Holy $#@% ! Now you guys are scaring me! I think I’m over trying to use carbide… glad I reordered HSS this time. And yes, I do have the 3 cutter screws per blade, and yes, I have the retention/adjustment screw per blade.

Glad I’m letting a pro work on mine! See u this afternoon Pete.

Aloha Pete:

Is there a special part number that you use when ordering these blades from them as I need to order a couple of sets but was unsure as to what to ask for when calling them?

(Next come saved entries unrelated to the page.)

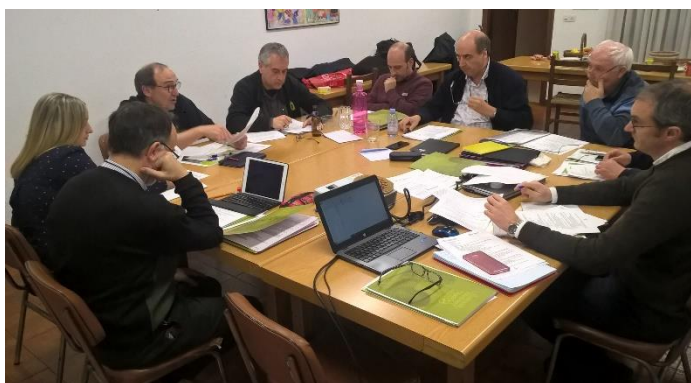
Membros do Patronato, juntamente com o Pe. Geral, durante a reunião.
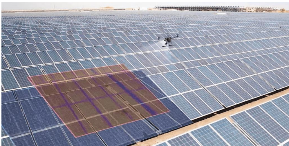
Рис. 3. Мониторинг панели с помощью дрона

изображений выявляются пыль, пятна и другие загрязняющие элементы на поверхности панели, а также оценивается их влияние.
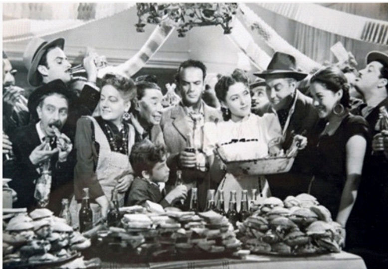
Festejando a “la gloria” del barrio en Campeón sin corona .

Esta escena y otras secuencias en la película dieron pie a un vasto análisis psicológico y social del comportamiento del mexicano de los barrios bajos, como a continuación señala Ayala Blanco: “Para hablar de Campeón sin corona tenemos que pecar, como la película, de psicologismo. Sobre el personaje central pesan varios años de indagaciones psicológicas serias y filosofemas sobre el “ser del mexicano y su complejo de inferioridad. En el mejor de los casos, el rango universal de algunas formulaciones de Samuel Ramos ( El perfil del hombre y la cultura en México ) o de Octavio Paz ( El Laberinto de la soledad ) son tan valiosas como la modestia particularizante de Alejandro Galindo.” 21
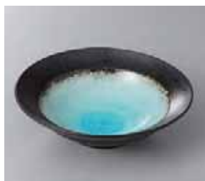
51-16-36G 520円 深海水色平鉢 16.3×4.5cm
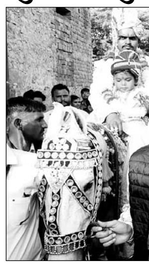
पंचायत कैरोडी में निकासी निकालते लोग।
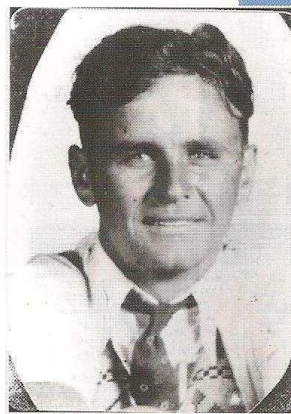
W.M. Branham (1909-1965)
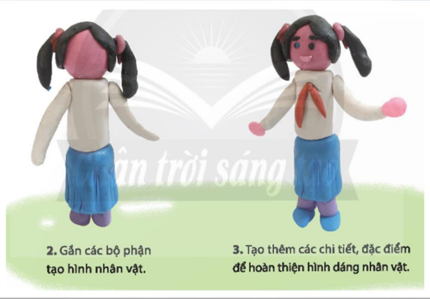
2. Gắn các bộ phận tạo hình nhân vật.
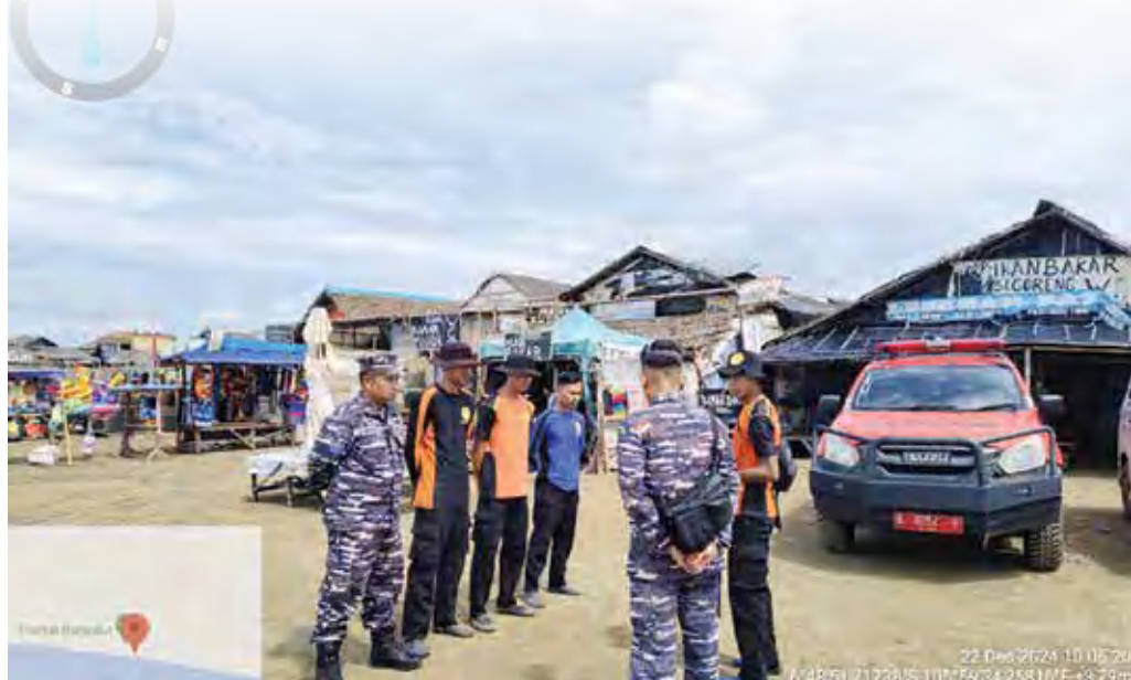
Tim Pencarian dan Pertolongan atau SAR Banten melakukan pencarian dan penyisiran seorang wisatawan yang tenggelam terseret ombak tinggi di sekitar Pantai Bagedur, Minggu (22/12/2024).

Pencarian korban difokuskan dengan melakukan penyisiran via darat dengan radius 1 km dari LKP dengan pencarian via laut tidak dilakukan dikarenakan tinggi gelombang antara 3 - 5 meter. (wib)

Hi Robin, I’ve never seen any of the ANK blades until yesterday at Dave’s shop. I wasn’t impressed with these, and I think they aren’t as strong as the original Skil blades. The retaining slot is cut completely through the blade instead of just a shallow groove as the original, and they just seemed “rough” to me compare to the originals. Dave’s blade was almost bent like a pretzel after it became stuck in the drum and he tried to get it out. When I got home, I tried to bend an old Skil blade by beating on it with a big hammer. It broke rather than bend, so this tells me the ANK steel has problems or they’re not heat-treating it correctly. I ran out of my stock of Skil HSS blades a couple of years ago. I had the German ones too. I thought you have a type 4a or 5, which doesn’t use these blades but the kind like in current Bosch planers. I found some regular ones on e-bay from a tool company, but I would check if they’re originals or not: http://cgi.ebay.com/SKIL-100-REPLACEMENT-PLANER-BLADES-NEW-HIGH-SPEED-STEEL_W0QQitemZ350199614559QQcmdZViewItemQQptZLH_DefaultDomain_0?hash=item5189860c5f&_trksid=p3286.m20.l1116

Aloha Pete:

Yes! I do have a Type 5 with the thin carbide blades, but I also have a Skil with the German HSS blades, I was looking for a backup set for that planer. I also discovered those blades on eBay but I was leery of them because if you look closely at the photo you can see that the adjustment groove is cut all the way through the blade just as you described for the ANK blades so I’m not convinced they are the real thing. The ones I have are still in good condition so I guess I’m just going to have to look after them until I can discover a replacement set that is of good quality.

Any idea if one can find the Type 5 style blades anywhere?